Sophia survived longer than the doctors predicted. She pushed through and lived for 2 hours. I never thought that something so tiny could have such a large impact on me. In a heartbeat, I would have traded places with her just to let her have a chance to live her life. Sophia brought our family closer than we've ever been before. She taught me to take nothing for granted and your family is the only thing that matters because when you're at your lowest, they're going to be there to pick you back up.
Patrick And Debra McShane Family - About Baby Mary Catherine
We talked to our kids this weekend, and they were so individual, heartbroken and sweet. Our daughter, Annie, said she thought God must have put four seeds inside of me when I was created and one was an angel seed. So I had three babies and now I would have the angel baby. That's the story I am going with from now on because it sounds just perfect to me. Our oldest, Leo, was the most emotional. He quickly went to work drawing pictures and making a paper doll for Mary. He asked me to get a picture of her with the doll. He also thought we should make a special keepsake box to put things for Mary. He made us each a card with Mary's name (spelled "Merry") on it and told us to keep it in our wallets. Then one night I was lying in my bed with Jack watching TV. He took his favorite dog (named "Dog Dog Dog") and laid it on my stomach. He said he was letting Mary Catherine snuggle with it. He's so young, but he has come through this a very thoughtful little person. These kids are amazing.
I also called to schedule the 3-D sonogram for late April. I told the kids that we would get to see some really special pictures of Mary while she's still in my tummy. They are very concerned that they may not get a chance to meet her so hopefully this will help a little.
Ultimately the kids didn’t get to meet Mary face to face as things moved so quickly with her birth. I took great joy in telling the kids how much she looked like them. It was amazing...such tiny little features, but so distinctly familiar to us.
The kids still participated actively in Mary Catherine’s life and even in planning her funeral service and they continue to talk about her.
Joy and Joya's Family
Joy and Joya were twins, very special twins. They were joined at the chest and shared one heart. After complex testing prenatally, it was determined that Joy and Joya could not be separated surgically. Neither would survive the surgery.
The twins’, their Mother Jackie, and their older sister Jaterra were deeply embraced by Alexandra’s House and its community. During phases of the pregnancy the little family lived here as our guests. Jackie reported that one night while getting ready for bed here that she and Jaterra, who was seven at the time, were chatting. Jaterra quietly asked Jackie if Alexandra’s House was Heaven.

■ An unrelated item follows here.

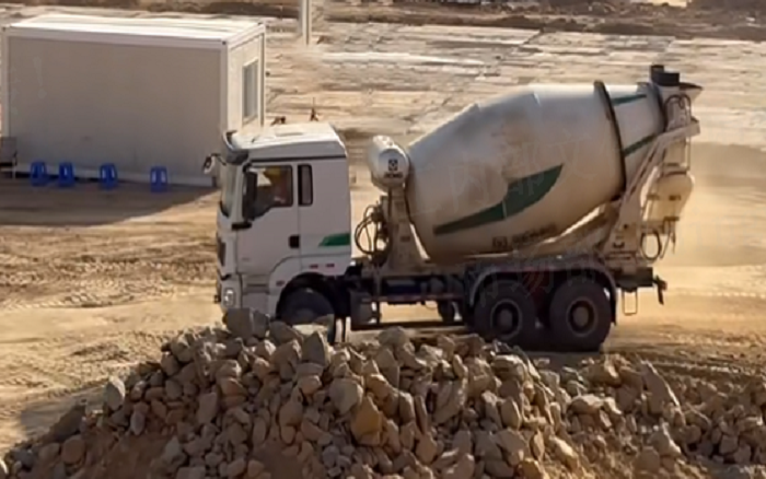 徐工HB43V泵车以其灵活的通过性和操控性,有效应对现场复杂的施工环境,实现高效泵送,“装料多,进料快 蓝莓tv大全,无残余”— 徐工G08V搅拌车自矿山搅拌站往返工程点105余次,昼夜不停运输,历经40余小时成功运输浇筑混凝土达945立方。

Joy and Joya were born alive and survived seven incredible days. Literally everyone who met them fell in love with them. Even in their short lives, though quiet, they were very interactive with each other. Joya often nuzzled Joy’s face and Joy would use a hand to push her away. Soon all noted their very distinct mannerisms and saw subtle yet special differences. They were both seen as completely unique individuals. Jaterra spoke that her favorite memory was brushing their hair. That was her special job.
On the seventh day they rested. We miss them so but Alexandra’s House will always bear the fragrance of their sanctity and treasure their memory.

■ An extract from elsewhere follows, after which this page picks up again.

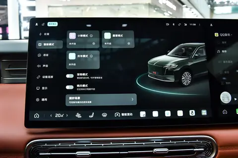 智能座舱没玩花里胡哨的功能,全系标配15.6+15.6英寸2.5K双联屏,加上仪表屏形成四块屏幕联动,信息传递很高效。2.5K的高清分辨率让显示效果特别细腻,导航地图上的小路标都能看得清清楚楚。核心芯片用的是高通8295P,搭配红旗自研的灵犀车机系统,操作起来特别丝滑,切换界面、打开应用基本没有延迟。语音控制很灵敏,支持四音区识别,后排乘客说打开空调24度或者导航到最近的服务区,系统都能快速响应,不用特意提高音量。空调出风口设计成“叠石理水”的样式,转动调节旋钮时很有质感,细节处能看到东方美学的用心。

A few years after Joy and Joya’s deaths, Jaterra and her family were back here visiting. Jaterra lay on the floor while we al visited with Jackie.
A Bonding Experience For The Whole Family
Ten fingers and ten toes - that's the first thing every parent checks on their newborn. For the parents of Alexandra's House those simple things are not taken for granted. I am Jeanette Burlbaw, a sonographer with 35 years of experience. Twenty of those have been in the perinatal departments here in Kansas City. I have been the sonographer who evaluated your baby prenatally and have been with you when you found out there was a complication with your pregnancy. Currently I have a private office, Prenatal Imaging Centers, LLC, in south Kansas City. I created my office in 2002 as I realized we are a visual culture. I realized I could offer parents the opportunity to look at their babies as well as quality affordable diagnostic Sonography for the uninsured. I also realized parents of babies with malformations have questions that in a busy clinical setting just don’t get answered during sonograms.

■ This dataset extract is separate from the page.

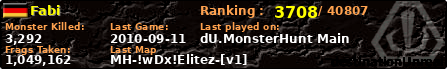 Fabi | | PlayerID: | 1087 | | Overall MHT: | 1,049,162 | | Overall Deaths: | 507 | | Overall Suicides: | 0 | | Overall TeamKills: | 5 | | Overall Distance traveled: | 255km | | Overall Time Spend on Server: | 00days 16h 30m 27s | | Maps Played: | 48 | | Firstgame: | 2010-09-04 20:18:36 | | LastGame: | 2010-09-11 13:19:43 | | Player Ranking Place: | 3708 | | Used Playernames: | Fabi

Patti came into my life when she felt a mother needed a clearer look at her babies. She called to see if I would image conjoined twins. She realized that parents of children with malformations often need the reassurance of sonography on their terms. They want to see what the perinatologist looks at during each office visit without the need for the explanation of the images in 2D sonography. The 3D sonography presents the baby in a manner that is more easily understood. You are often allowed to see their expressions, simple little gestures and eyebrow movement that replace a multitude of words. Fluid around your baby is very important to acquire the best images. Some complications that limit fluid make creating those images difficult.
I now own remarkable new equipment, the GE E8 BT12 with HDlive. HDlive is the second generation of 3D imaging. It provides extraordinary image clarity and exceptional anatomical realism. You can find my new pictures on my facebook page, Prenatal Imaging. I also have a web site, www.prenatalimaging.com. My web site is currently being redesigned to remove my old images and incorporate my new images.
I have been allowed to serve the families of Alexandra's House ever since Patti called me and I look forward to serving you for many years to come.
(She is too kind to include this but Jeanette offers all her services to the families of Alexandra’s House as a gift. Thank you, dear Jeanette/ AH)
Ben And Christy Shively Family
(These are thoughts the children wrote before Baby Ian was born)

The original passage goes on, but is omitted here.